Under assault from regulators since 2008 and distrusted by sceptical consumers, the Financial Services (FS) industry is still trying to fix past misdeeds. But in the interim, technological advances have changed the landscape forever.
While FS firms were focused on IT, regulations and upgrading core banking systems, technology firms were busy changing the relationships between consumers and suppliers. FS firms now have to close both technology and customer experience gaps – writes Dennis Harhalakis, consultant at Gulland Padfield.
What does the future for Financial Services looks like? To a large extent, it’s already here – it’s just distributed across the broader services, media and communications landscapes. To understand this, let’s look at some of the major developments of the last 15 years:
Customer experience – the impact of Amazon, Apple and Google extends far beyond their respective industries. Consumers benchmark all experiences against those provided by the top companies – and established FS firms, both culturally and otherwise, fall well short.
Big data – data-driven marketing first emerged in the mid 1990’s, but it was the confluence of digital only firms and the ability to capture all channel interactions that really moved the dial. Supported by massive increases in processing power and collapsing storage costs, data-driven has become big data-driven.
Personalisation – personalisation is part of customer experience but it’s important to distinguish it from the other more standard factors such as website reliability and ease of use. Customers now expect to be reached via the right channel, with the right content, at the right time.
User generated content (UGC) – consumers under the age of 40 spend a great deal of time with media and 30% of that time is with UGC (between 5 to 6 hours per day)*. They trust UGC more than any other media source and it drives their purchase decisions.
Peer validation – as trust in institutions has declined, peer validation has emerged as the new way to build reputational capital. Whether through customer reviews, internet forums, user ratings or canvassing friends and family, consumers are using distributed trust sources to get opinions on products, services and individuals. Digital marketplaces such as Airbnb and Ebay now have Trust and Safety teams building and monitoring the trust infrastructure.
Democratisation of investing – online trading, peer-to-peer lending and Robo-advice are all examples of a broader trend where consumers now have access to markets and products that were previously unavailable. In particular, the rise of ETFs and online technology to generate low cost diversified portfolios with very low entry points has created investment avenues for millions of new investors keen to try financial self-management.
Financial self-management – with the emergence of strong digital capabilities and investing tools, distrust of traditional banks and, in particular, their ability to offer unbiased advice has driven the rise of financial self-management. This trend has also been supported by an increasing trust in non-traditional financial institutions and the almost limitless amount of research and advice available on media platforms.
How should FS firms incorporate these developments into their business models?
By using emotional engagement and data analytics to understand, anticipate and react to customer needs.
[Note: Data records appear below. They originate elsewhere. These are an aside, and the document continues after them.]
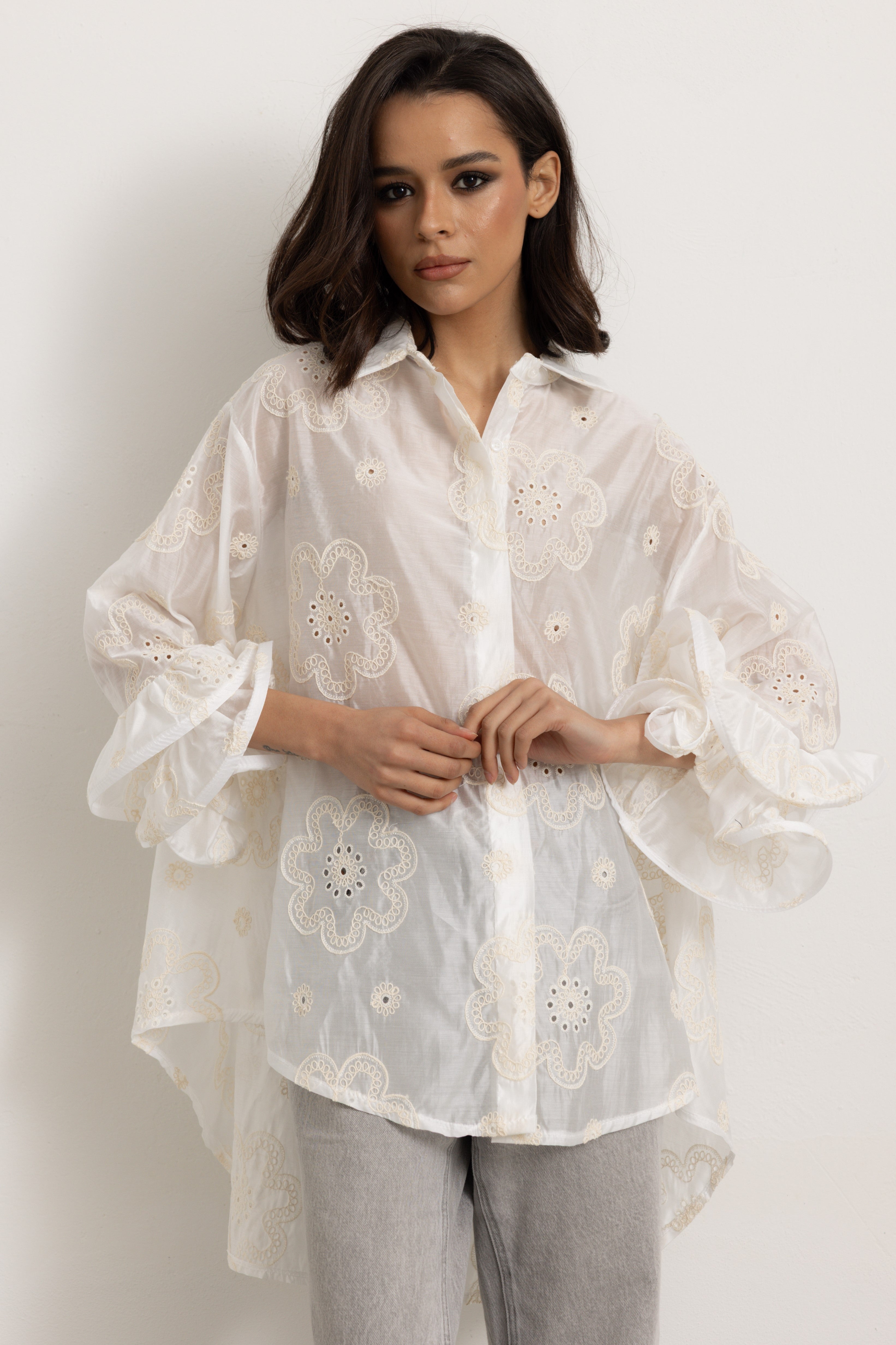 • Maniche Volant: le maniche volant di questa camicia sono una celebrazione della femminilità. Realizzate con una cura minuziosa, presentano morbide onde di tessuto che cadono leggermente sopra il gomito, creando un movimento fluido e romantico. Le pieghe sono sapientemente progettate per dare volume senza appesantire la silhouette, aggiungendo un tocco di drammaticità sofisticata ad ogni gesto.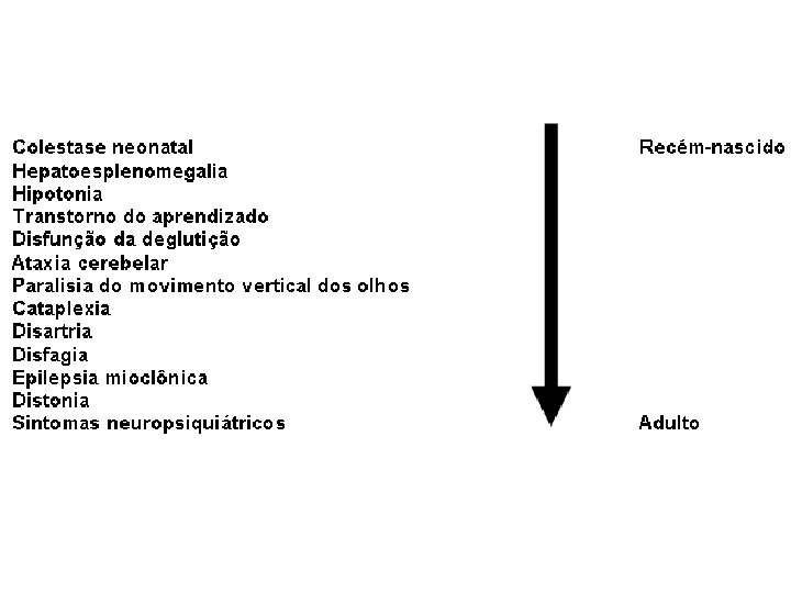 D. Niemann-Pick C Paralisia do olhar vertical Infantil precoce Hipotonia a. DNPM Infantil tardio Alteração da marcha Atraso de fala cataplexia Juvenil Atraaso escolar Ataxia Convulsão Cataplexia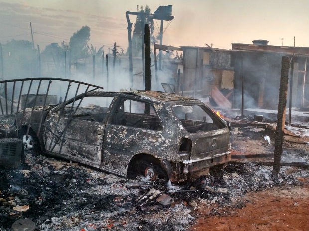Segundo a corporação, um carro e cinco barracos foram totalmente queimados e outros três tiveram parte da estrutura incendiada. Ao todo, 14 pessoas ficaram sem moradia.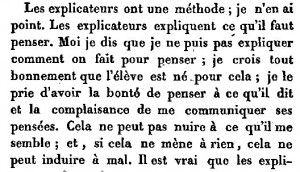 [revolució actual en la ment de tot docent: suportar la pregunta “com em sento quan sé que l’alumne està aprenent per ell mateix, i deixo en les seves mans l’ús de la seva pròpia intel·ligència” és el millor indicador d’autoavaluació; em resitua en la crisi anàloga a la viscuda per Jacotot – tuvo que exiliarse en tierras flamencas y desempeñar su función de maestro con alumnos cuya lengua desconocía absolutamente.]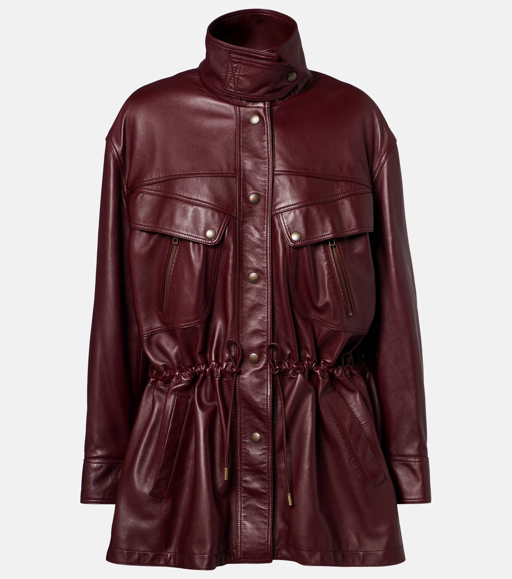 Renowned for its free-spirited aesthetic, Chloe's designs are characterized by romance with a Parisian flair. This leather jacket features a high-neck silhouette, oversized pockets, an elastic drawstring waist, and gold-toned snap closures. Product Details - Material: 100% lamb leather - Care instructions: specialist clean - Made in Italy - Designer color name: Dusky Brown - Item color: burgundy - Hardware color: antique gold - Lining: 62% viscose, 38% cotton - Pocket lining: 100% cotton - Closure: snap-buttoned front - Pockets: flap chest pockets, welt pockets, internal pocket - Drawstring waist - Cuff: buttoned - Fully lined - Item number: P01067860 Size & Fit - True to size - Dropped shoulders - Loose fit, drawstring waist - Adjustable at the waist - Non-stretchy fabric - Falls below the hip - The model seen in the picture is 178cm-5'10" and wearing a size FR 36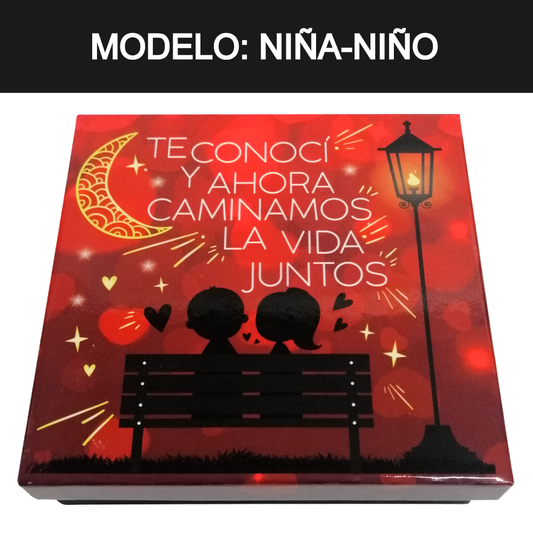 Caja Rígida 25 Chocolates, Puebla diseño: "Caminamos la Vida Juntos" (Tenemos Modelo: niña-niño / niña-niña / niño-niño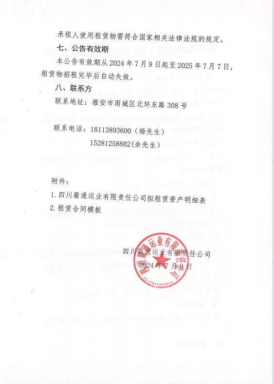 四川蜀通運業(yè)有限責任公司關于蜀通公司1間門面進行掛網(wǎng)的公告附件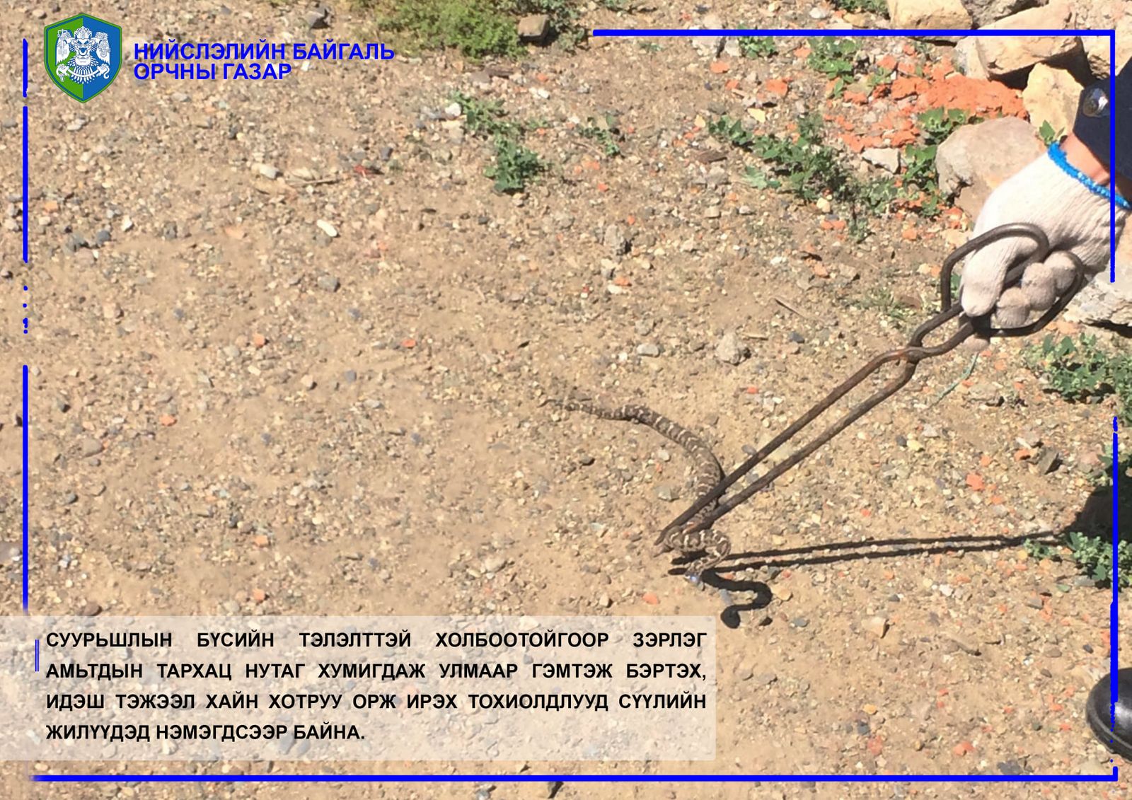 - хоёр бамбай хоншоорт могойг тус тус барьж байгальд эргүүлэн тавьсан байна.

Done correctly this will reposition FS firms from product pushers to institutions that aim to build long term financial partnerships based on customer needs and lifecycle events. Here are 3 broad areas for consideration.
- Create emotional engagement through simplifying complexity and helping customers achieve personal values such as social acceptance or attaining independence. Behavioural research has shown that people shy away from things that appear complex, difficult to understand or may leave them feeling inadequate (emotional/physical pain). As with avoiding the dentist, people know they should do financial planning but don’t. Helping them with simple online guides, podcasts or videos creates a connection and builds subconscious loyalty. It also allows you to track what they are interested in.
- Build an ecosystem where customers can share ideas and feedback. The financial product sales and education process is now increasingly online and customers use a combination of news feeds, finance sites, blogs and social networks to help them make decisions. Understanding what your customers are thinking is the cornerstone of any successful Customer Experience programme and it’s now possible to do it without having to ask them directly. Combining educational material, feedback and other UGC, will prove invaluable in being part of customers’ learning processes, understanding their needs, and then helping them with their financial journeys.
- Give customers the tools to manage their finances in the way they want. Most of us have multiple expenditure and savings goals but we often have to combine them in one pot or open different accounts. The ability to set up rules to transfer salary proceeds into various sub-accounts (rent, food, utilities, rainy day, holiday, etc.) supports budgeting and creates empowerment. By using tools that analyse transaction patterns, firms can then anticipate customer needs and offer solutions – for example, warning them before they incur charges or offering pre-approved loan limits if they are likely to go overdrawn.
Nearly all of the developments above have been driven by technological advances. Technology has changed the way products and services are delivered as well as the nature of the relationship between producers and consumers. FS firms need to use it to engage with their customers and position themselves as long term financial partners.